As soon as he repaid his debt, it was a suggestion James had every intention of following.

CHAPTER FOURTEEN (#ulink_44b41b08-62f6-595a-8fd6-46fadebe51ab)

OF COURSE, IF the debt depended on his own sense of obligation, he could simply forgive himself and be done with it.

The idea had no small amount of appeal several short days later, standing with Captain Kinloch and Miss Germain in front of the late Lord Dunscore’s towering house in St. James’s cloaked by the rank London evening, with an impatient hired hack in the street and no answer at the door. He held Anne against his chest to shield her from the damp and contemplated whether it would be possible to break down the door.

“Perhaps they assumed you were never returning and closed the place up for good,” Millicent hissed into the drizzly night.

“And left the lights burning?” Captain Kinloch shot back in a tight whisper. “There must be servants here.”

“Deaf ones.”

Meow! came Mr. Bogles’s outraged protest from inside a lidded basket.

“If we can’t get in,” Captain Kinloch snapped, “we’ll go to Philomena’s.”

James was just about to risk an almost certain nighttime spectacle by rapping the knocker a third time when the door finally cracked open on silent hinges. A skew-wigged servant scowled out at them.

“Dodd—” Captain Kinloch started, but James had no patience for that.

“Do excuse us.” He pushed past the old servant into a grand marble foyer that left no doubt as to the extent of the wealth Captain Kinloch had inherited.

“Now just wait,” the man sputtered. “You can’t—”

“Please tell your footmen to bring her ladyship’s trunks from the carriage.”

“I beg your pardon!” came Mr. Dodd’s indignant protest. “I—” Then suddenly he sputtered, “Lady Katherine?” Comprehension dawned. “I—I mean, your ladyship! I had no idea. That is to say, we had no word— We weren’t informed of your arrival.” He swept into a deep bow.

“The trunks,” James ordered, and was instantly sorry when Anne roused in his arms. “Go back to sleep,” he tried to murmur, but it came out more like a muttered command.

“The trunks. Of course. Of course!” The man finally spurred into action.

Millicent carried Mr. Bogles’s basket inside, while his repeated meows echoed through the foyer as footmen finally began carrying trunks up the great, curved staircase. Captain Kinloch stood frozen beneath a blazing silver chandelier, looking as vulnerable as Anne felt in his arms.

“Your ladyship is aware,” Mr. Dodd started, but paused. “That is to say, does your ladyship intend...”

For God’s sake, this was more than James could tolerate on a few moments’ sleep snatched during a pothole-ridden coach ride that had lasted an eternity. He glanced around for somewhere to put Anne and spotted an upholstered bench against one wall.

“Intend what?” Captain Kinloch came to life suddenly. Sharply.

“Does your ladyship intend to—” Dodd swallowed visibly “—evict Mr. Holliswell and Miss Holliswell, then?”

Her ladyship’s head whipped around. “Holliswell.” Her tone sliced through the air like her beloved cutlass.

Bloody hell. James went to the bench, fighting an urge to hold Anne closer rather than put her down, but Millicent gathered Anne away from him before he could decide otherwise.

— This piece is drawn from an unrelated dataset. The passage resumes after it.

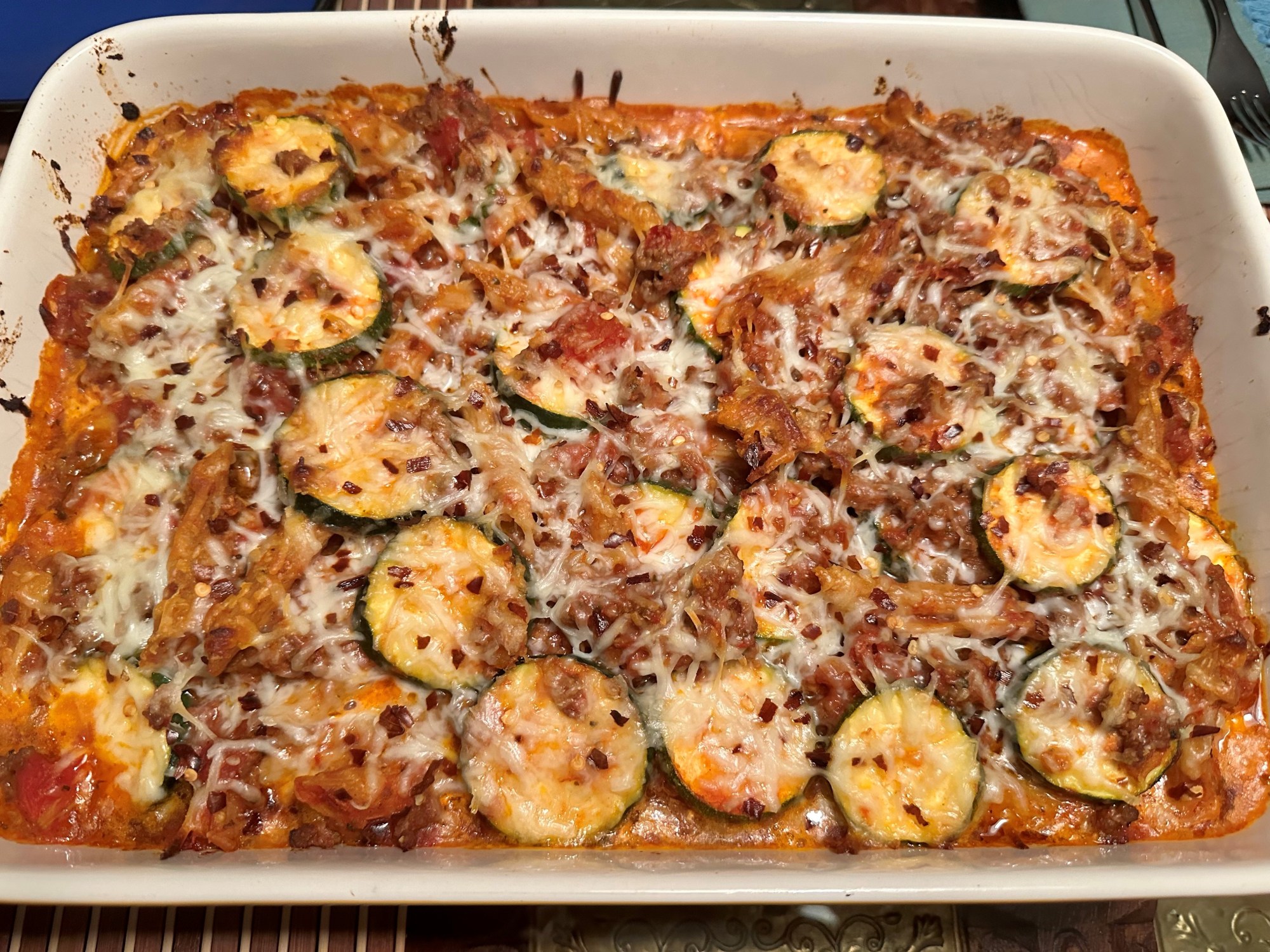 In a large baking dish, place half the zucchini-meat-pasta mixture in an even layer. Top with half the ricotta, and sprinkle with half the mozzarella. Add rest of zucchini in an even layer on top, and top with remaining cheese.

Mr. Dodd wrung his hands. “He and Miss Holliswell have...set up residence, you see, and—”

“In my father’s house?”

“We did protest, your ladyship. Let me assure you!” Dodd’s eyes traveled from Captain Kinloch’s turban, down the length of her loose hair and over her woolen wrap, to the billow of Barbary trousers peeking out below and the boots that had served well on a ship’s deck but were unspeakably outlandish here. “But it’s well-known that Mr. Holliswell is to acquire... That is to say, he expects to receive...”

“He is to acquire nothing.” Those glittering topaz eyes flicked toward James just long enough for him to see fear developing behind her outrage. His gut tightened, and he was relieved when with angry strides she went to peer into a sitting room. He could see from here that it was strewn with gilded sofas and chairs that looked as though they belonged at the French court.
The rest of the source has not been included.